* _Work order_
The listing below should be printed exactly, though its pictures must not be.
**** Dataset extract
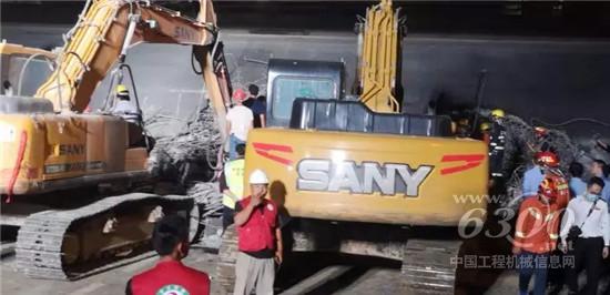 事發(fā)后,三一重工第一時間緊急調(diào)配代理商江蘇力好工程機械有限公司、昆山三輝機械設(shè)備有限公司組成10多人的應(yīng)急救援隊伍,攜帶6臺挖掘機、3臺起重機于1小時內(nèi)趕到現(xiàn)場施救。
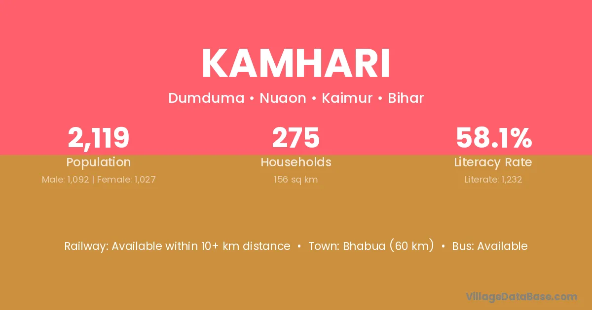 Bhabua (60 km) is the nearest town to Kamhari village for major economic activities and is located approximately 60 km away.
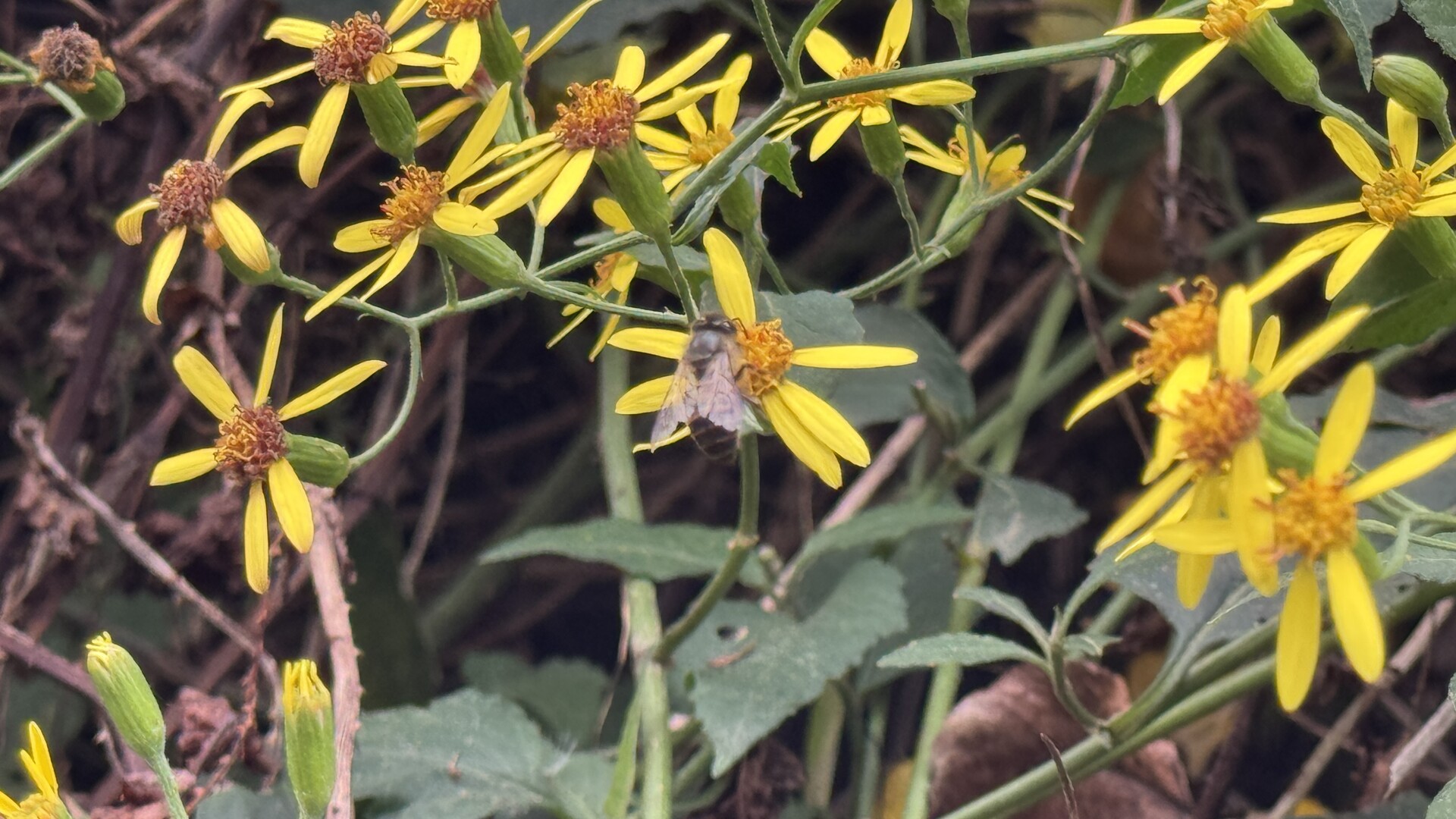 除了扮靓冬日乡村,千里光还是冬季里重要的蜜源植物之一。在暖阳的照耀下,不时能看到蜜蜂穿梭在花丛间采蜜,成为冬日乡村里一道灵动的风景线。
********
* _Written response_
 事發(fā)后,三一重工第一時間緊急調(diào)配代理商江蘇力好工程機械有限公司、昆山三輝機械設(shè)備有限公司組成10多人的應(yīng)急救援隊伍,攜帶6臺挖掘機、3臺起重機于1小時內(nèi)趕到現(xiàn)場施救。
 Bhabua (60 km) is the nearest town to Kamhari village for major economic activities and is located approximately 60 km away.
 除了扮靓冬日乡村,千里光还是冬季里重要的蜜源植物之一。在暖阳的照耀下,不时能看到蜜蜂穿梭在花丛间采蜜,成为冬日乡村里一道灵动的风景线。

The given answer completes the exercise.